◆ Data:
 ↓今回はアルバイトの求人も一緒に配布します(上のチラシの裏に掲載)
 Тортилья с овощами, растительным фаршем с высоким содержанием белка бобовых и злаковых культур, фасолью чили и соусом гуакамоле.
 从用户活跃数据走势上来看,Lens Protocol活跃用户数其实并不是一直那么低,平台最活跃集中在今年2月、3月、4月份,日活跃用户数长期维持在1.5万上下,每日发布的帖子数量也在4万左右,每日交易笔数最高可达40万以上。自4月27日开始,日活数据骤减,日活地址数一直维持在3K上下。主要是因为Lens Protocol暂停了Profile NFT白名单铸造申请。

* * *

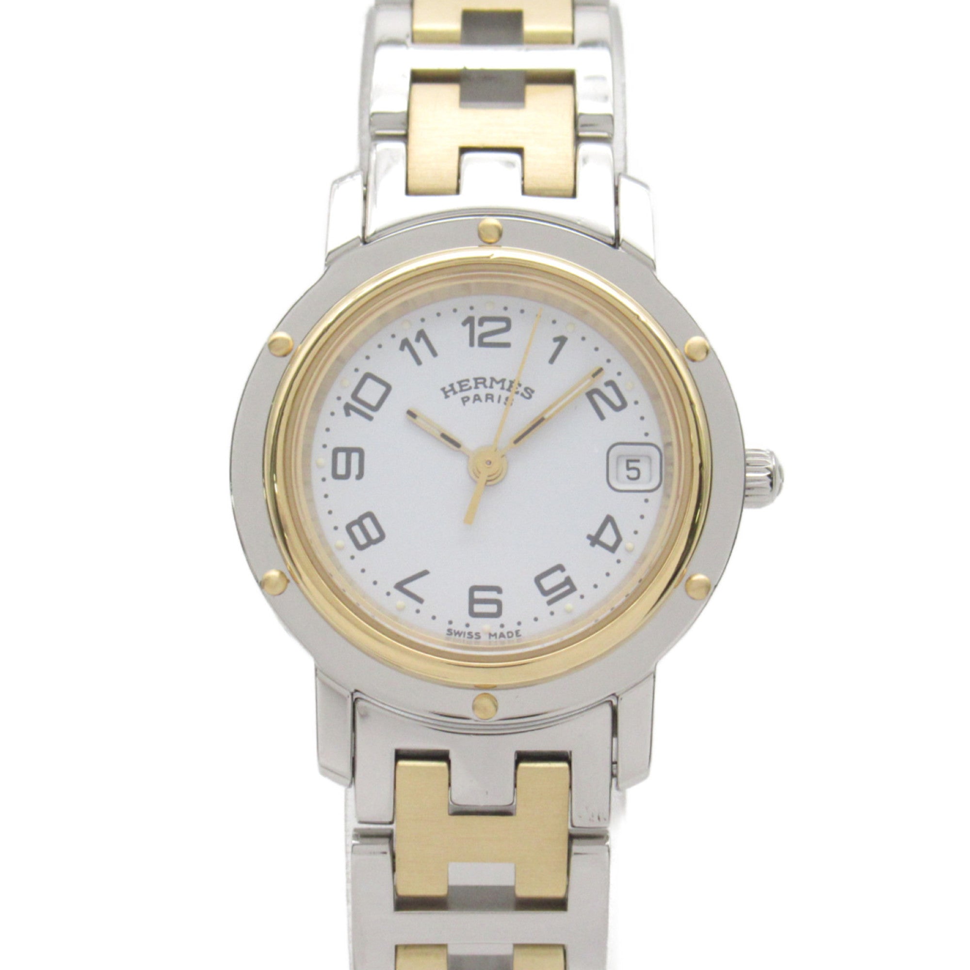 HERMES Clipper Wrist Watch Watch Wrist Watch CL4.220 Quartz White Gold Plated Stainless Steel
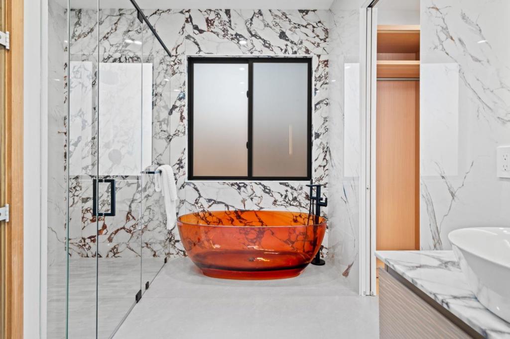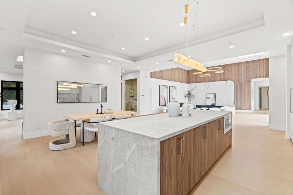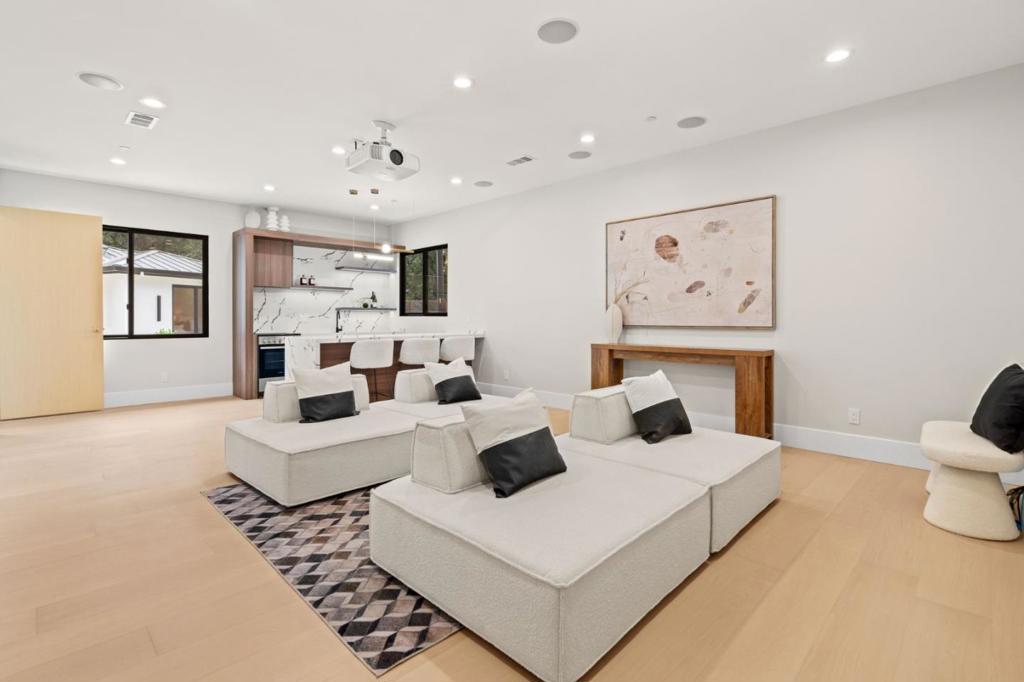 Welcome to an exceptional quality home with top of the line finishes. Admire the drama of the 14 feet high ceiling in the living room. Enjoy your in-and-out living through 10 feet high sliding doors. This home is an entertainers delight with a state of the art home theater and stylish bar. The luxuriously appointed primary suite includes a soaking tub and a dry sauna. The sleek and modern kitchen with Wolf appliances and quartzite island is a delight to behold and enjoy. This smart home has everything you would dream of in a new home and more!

◆ Exercise directions:
Please output the lines above beginning at the line with "HERMES Clipper Wrist" and ending after the line with "Welcome to an", precisely as written and with no pictures.

◆ Solved problem:
 HERMES Clipper Wrist Watch Watch Wrist Watch CL4.220 Quartz White Gold Plated Stainless Steel
 Welcome to an exceptional quality home with top of the line finishes. Admire the drama of the 14 feet high ceiling in the living room. Enjoy your in-and-out living through 10 feet high sliding doors. This home is an entertainers delight with a state of the art home theater and stylish bar. The luxuriously appointed primary suite includes a soaking tub and a dry sauna. The sleek and modern kitchen with Wolf appliances and quartzite island is a delight to behold and enjoy. This smart home has everything you would dream of in a new home and more!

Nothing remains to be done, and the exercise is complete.